In the present study, β-CTX was significantly higher in cirrhotic patients of Child-Pugh grade C. We hypothesized that severe cirrhotic patients exhibit accelerated bone resorption. The lumbar spine BMD decreased with the progression of cirrhosis. The mechanism of association between the decreased BMD and severity of cirrhosis has not yet been fully elucidated. The production of inflammatory cytokines, such as interleukin-6 (IL-6), tumor necrosis factor-alpha (TNF-α), and IL-1 increases the receptor activator of the nuclear factor kappa-B ligand, which further promotesosteoclastogenesis and bone resorption, resulting in a decrease in BMD14–17. Hepatic decompensation or cirrhosis also prevents bone formation by impairing the production of 25(OH)D3 and insulin-like growth factor-1 18, 19. Moreover, hypogonadism with decreased levels of estrogen and testosterone accelerates the bone loss, primarily due to the increased osteoclast activity, which is often observed in the decompensated livers20. Furthermore, a decompensated liver impairs the collagen-binding of the bone matrix and inhibits osteoblast function21. Finally, increased bilirubin inhibits osteoblast proliferation22–24. Also, we provided data on the changes in 25(OH)D3 and β-CTX and their clinical significance in CHB patients with cirrhosis. A remarkably reduced level of 25(OH)D3 was observed in cases of severe cirrhosis. Similar results have been reported in a previous study of cirrhotic patients25. The possible underlying mechanisms include decreased hepatic hydroxylation of vitamin D, intestinal malabsorption, lessened sunlight exposure, and reduced dietary intake. Vitamin D deficiency decreases calcium resorption and activates bone resorption to maintain the level of calcium in the blood, resulting in bone loss26. In addition, impaired hydroxylation of vitamin D3 to 25-OH-D3 in the liver promotes bone loss and decreased bone formation27. The increased osteoclast function and bone resorption partially explained the high rates of low BMD in cirrhosis. Regression analysis showed that age and hepatitis B were risk factors for osteoporosis. Therefore, the diagnosis and treatment of osteoporosis in CHB patients should be investigated to prevent osteoporosis and retain the quality of life of the patients.

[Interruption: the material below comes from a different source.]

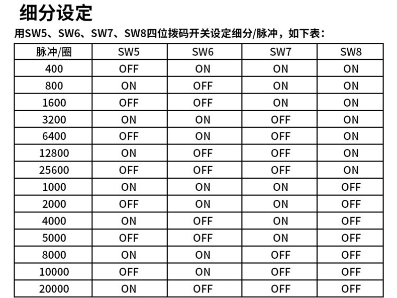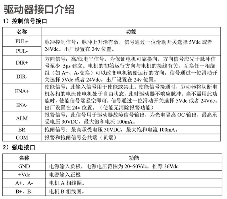 使能控制信號 此輸入信號用于使能或禁止驅動器輸出。ENA 接低電平(或內部光耦導通)時,驅動器將切斷電機各相的電流使電機處于自由狀態(tài), 不響應步進脈沖。當不需用此功能時,使能信號端懸空即可。5-24VDC 電平兼容。 |

The major strength of the current study was that bone turnover markers were evaluated as potential mechanisms of bone disease in HBV-related cirrhotic patients. A major limitation of this study was the cross-sectional design, although the changes in BMD were estimated longitudinally. Also, whether the results could be extrapolated to all the cirrhotic patients owing to the small sample size of the Child-Pugh grade C cirrhotic patients was unclear. Furthermore, the controls did not present results for the bone turnover markers.

Conclusion

Osteoporosis was highly prevalent among CHB patients with cirrhosis. Child-Pugh grade C cirrhotic patients showed enhanced osteoclastic activity, indicated by increased β-CTX. Enhanced bone resorption accounted for the increased risk of osteoporosis in patients with severe cirrhosis. Thus, osteoporosis in HBV-related cirrhotic patients should be under intensive focus. CHB patients diagnosed first time with cirrhosis should undergo DXA examination for the early diagnosis of the onset of osteoporosis. Therefore, patients with cirrhosis are recommended to undergo BMD assessments annually. After osteoporosis is diagnosed in cirrhotic patients, drug therapy that inhibit the activity of osteoclasts must be prescribed to reduce the risk of fractures.